** Opening RECORDS FOR THE TASK block **
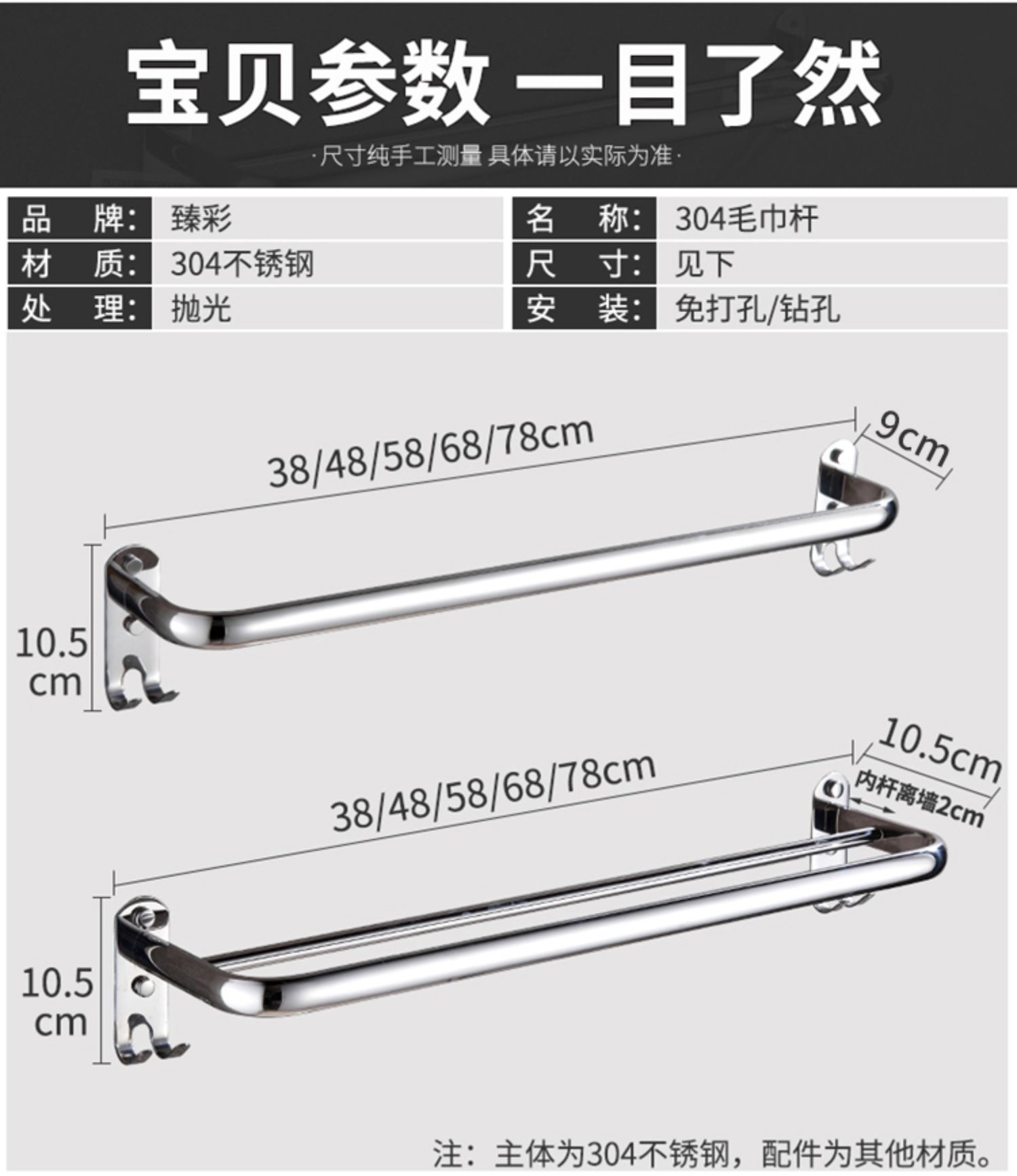 | 304 stainless steel thickened semicircle double rod 80cm | ¥19.0 | 9996 piece available |
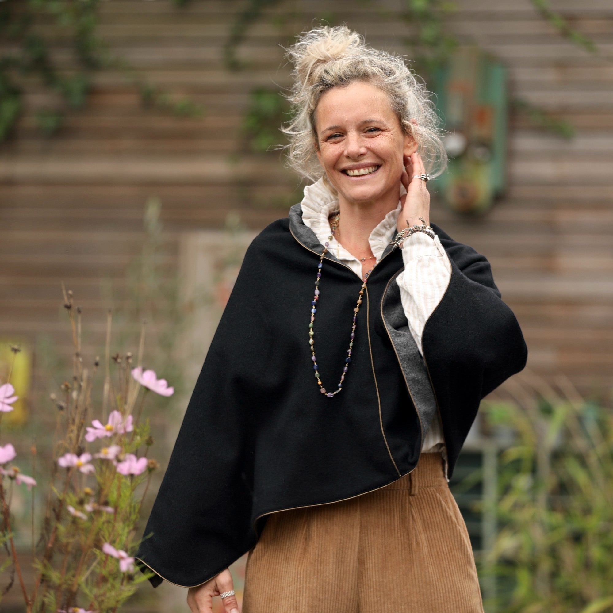 Cape courte Eugénie - lainage noir/jean noir - Quintessence
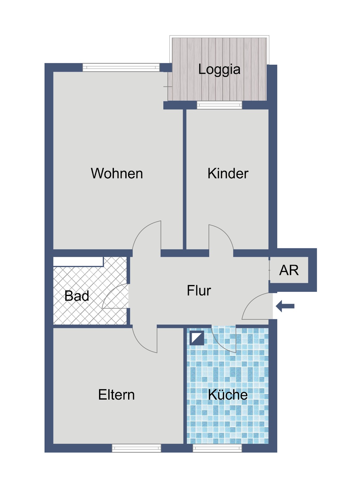 Ein zentraler Flur verbindet die Räume und schafft eine klare, gut nutzbare Raumstruktur. Ein Abstellraum in der Wohnung bietet zusätzlichen Stauraum für Alltagsgegenstände.
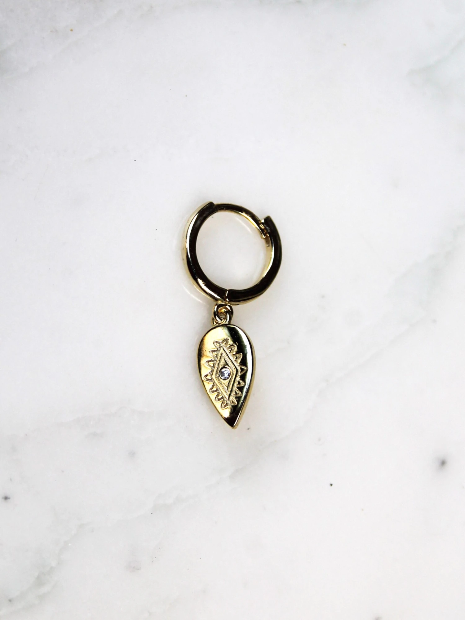 - Boucle d’oreille mini créole en argent 925 plaqué or avec une pampille style ethnique
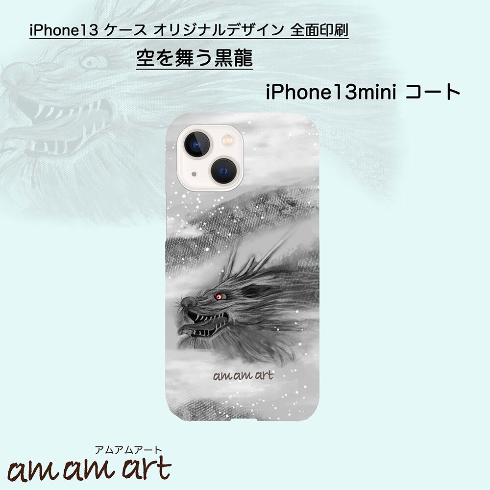 iPhone13 mini全面印刷 コート 「空を舞う黒龍」amamart オリジナルデザイン | amamart (アムアムアート) オンリーワン アートTシャツ オリジナルデザイン 手作りアクセサリー の通販サイト
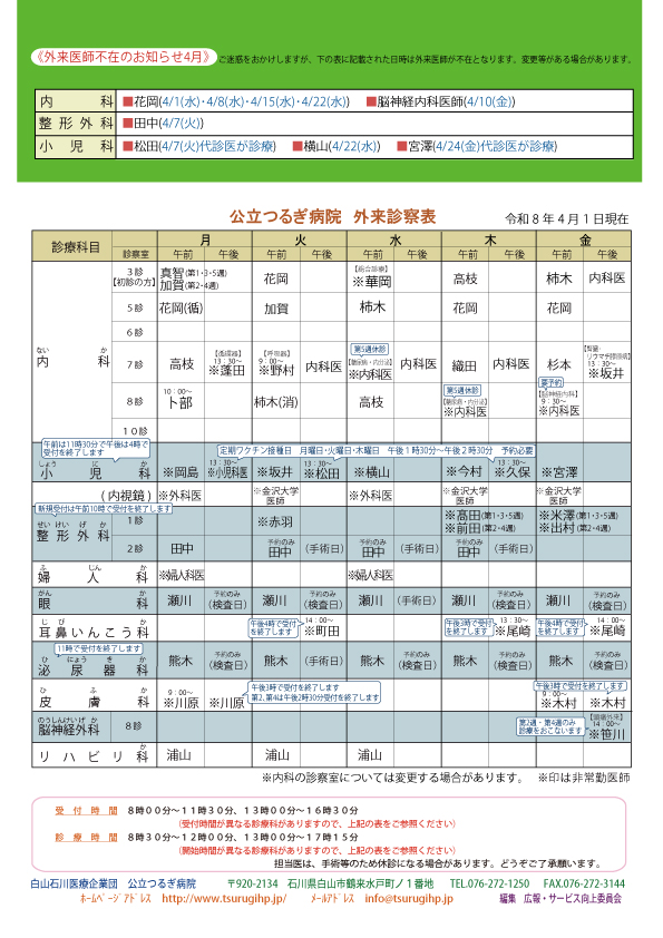 4月の「外来診察表」については、下記のPDFをご覧ください。
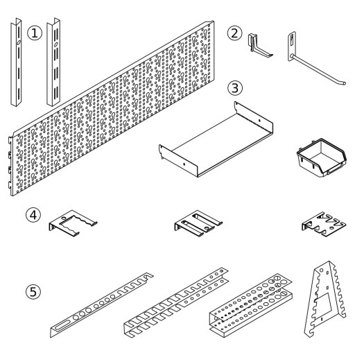 - 3) akcesoria - wpinamy w płyty perforowane dowolnie w zależności od potrzeb (na infografice pokazano także akcesoria opcjonalne)
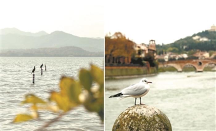 右图为11月12日,在意大利维罗纳,一只水鸟站在阿迪杰河畔。(新华社记者程婷婷摄)
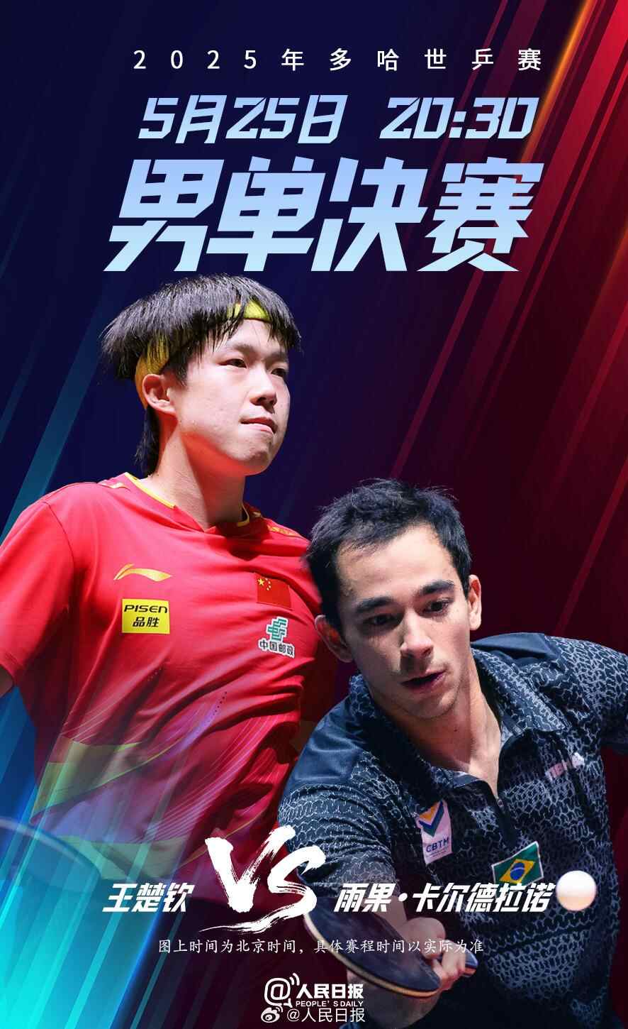 2025年多哈世乒赛男单决赛将于5月25日20:30举行,中国选手王楚钦对阵巴西选手雨果·卡尔德拉诺。
** Closing RECORDS FOR THE TASK block **
## EXERCISE INSTRUCTIONS
Return exactly the part of the listing above that opens with the line containing "Ein zentraler Flur" and closes with the line containing "4月の「外来診察表」については、下記のPDFをご覧ください。". Pictures stay out.

## ANSWER TO THIS PROBLEM
 Ein zentraler Flur verbindet die Räume und schafft eine klare, gut nutzbare Raumstruktur. Ein Abstellraum in der Wohnung bietet zusätzlichen Stauraum für Alltagsgegenstände.
 - Boucle d’oreille mini créole en argent 925 plaqué or avec une pampille style ethnique
 iPhone13 mini全面印刷 コート 「空を舞う黒龍」amamart オリジナルデザイン | amamart (アムアムアート) オンリーワン アートTシャツ オリジナルデザイン 手作りアクセサリー の通販サイト
 4月の「外来診察表」については、下記のPDFをご覧ください。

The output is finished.